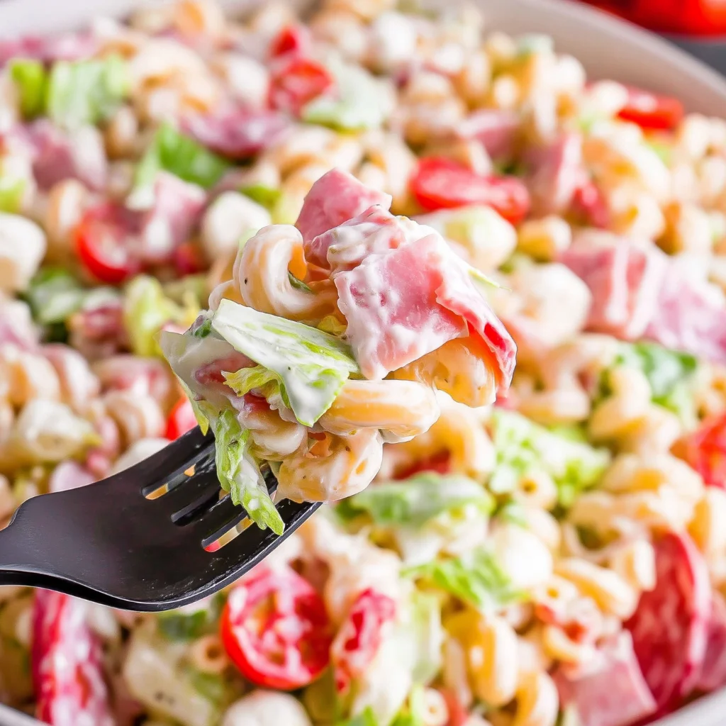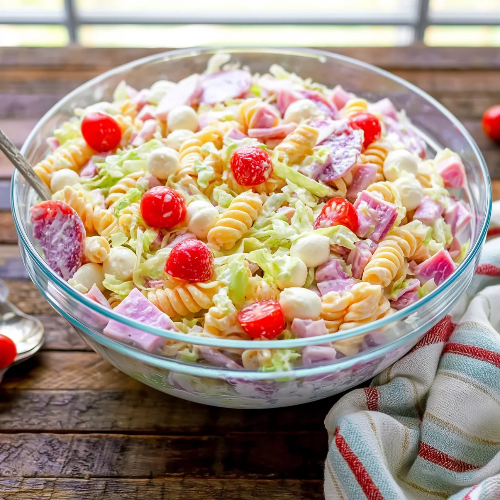 Some pasta salads are clearly side dishes. This one can hold its own as lunch or a light dinner. Between the rotini, mozzarella, salami, ham, and pepperoni, there is plenty of substance here. The tomatoes, peppers, onion, and lettuce keep it from feeling too rich, so the whole bowl stays balanced instead of tipping into “too much.”
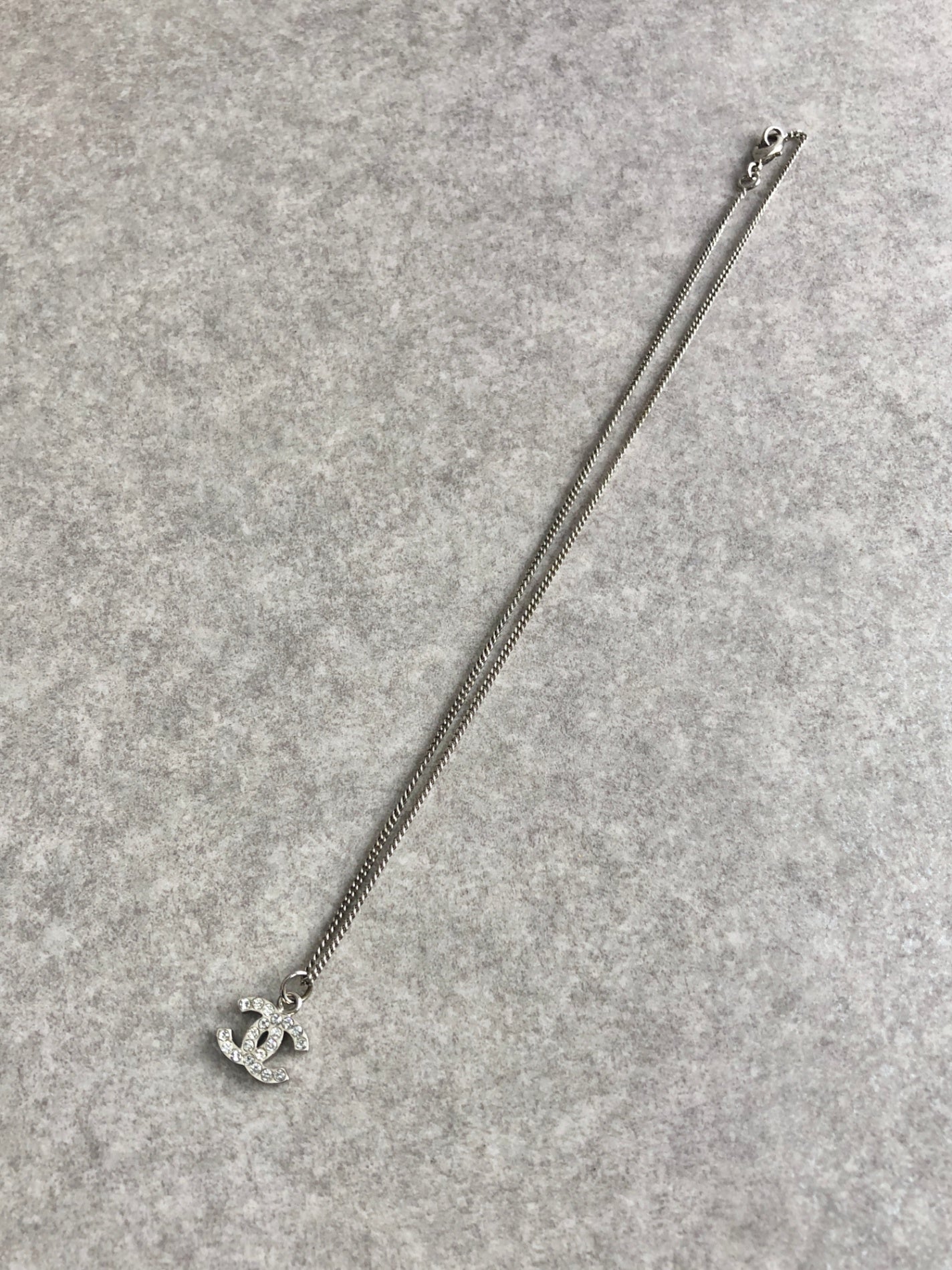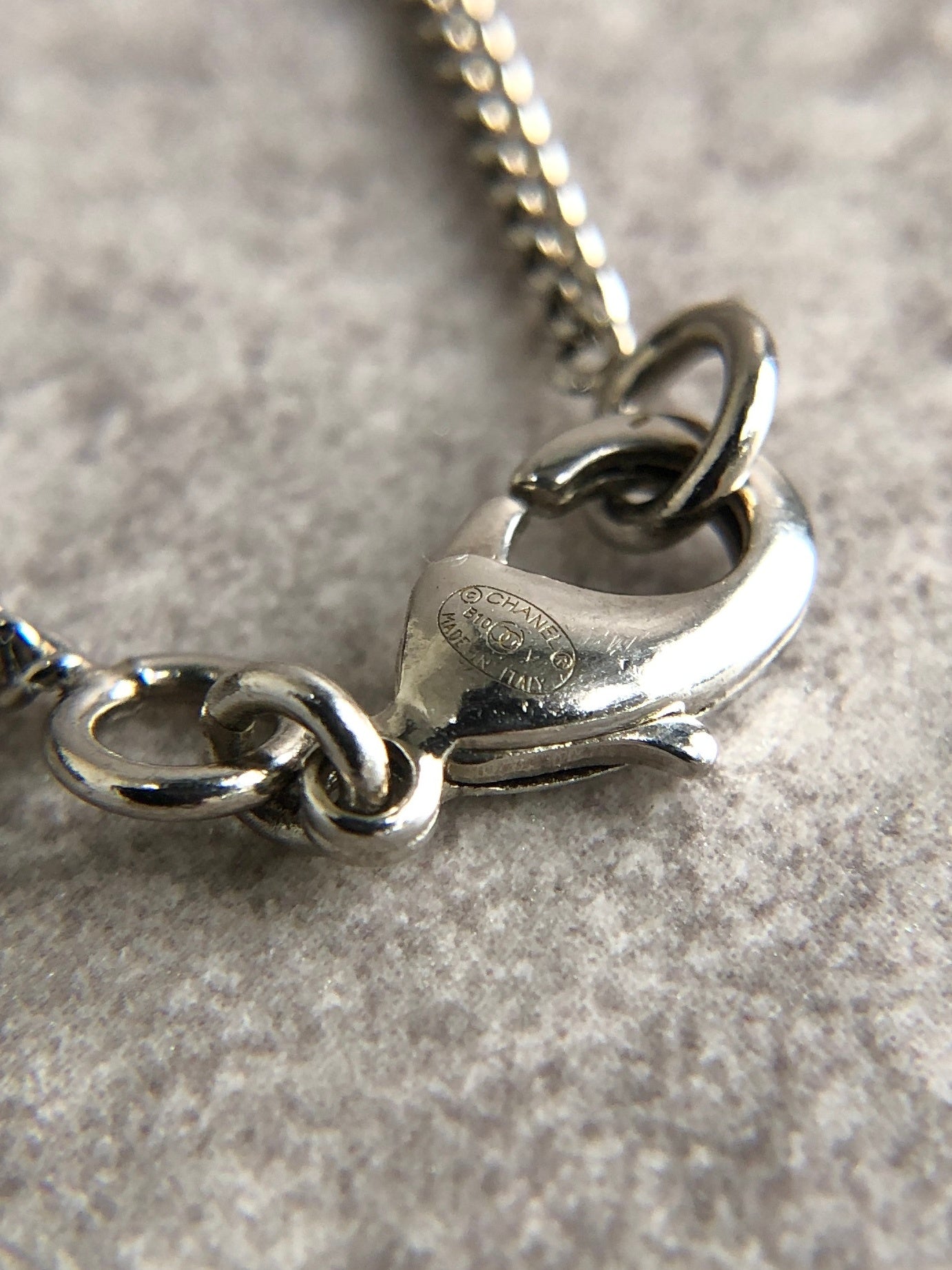 CHANEL Coco Mark Rhinestone Necklace Silver Vintage wsf6m8
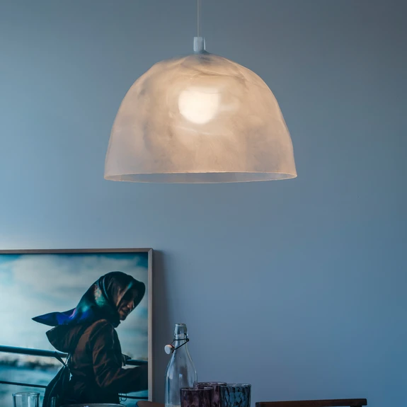 Der Schirm der Hängeleuchte Bump besteht aus einer großen Kuppel aus gemoldetem Kunststoff. Die Oberfläche wirkt leicht zerbeult, was die Optik sehr lebendig macht und die Lichtwirkung effektvoller gestaltet. Ein Lichtspender, der sich hervorragend in die unterschiedlichsten Wohnstile einfügt und sich für die Grund- sowie für die Bereichsbeleuchtung, beispielsweise über einem großen Tisch, anbietet.

• **Task brief**: Give back the whole of the material exactly, with the pictures removed.

• **Written response**:
 Some pasta salads are clearly side dishes. This one can hold its own as lunch or a light dinner. Between the rotini, mozzarella, salami, ham, and pepperoni, there is plenty of substance here. The tomatoes, peppers, onion, and lettuce keep it from feeling too rich, so the whole bowl stays balanced instead of tipping into “too much.”
 CHANEL Coco Mark Rhinestone Necklace Silver Vintage wsf6m8
 Der Schirm der Hängeleuchte Bump besteht aus einer großen Kuppel aus gemoldetem Kunststoff. Die Oberfläche wirkt leicht zerbeult, was die Optik sehr lebendig macht und die Lichtwirkung effektvoller gestaltet. Ein Lichtspender, der sich hervorragend in die unterschiedlichsten Wohnstile einfügt und sich für die Grund- sowie für die Bereichsbeleuchtung, beispielsweise über einem großen Tisch, anbietet.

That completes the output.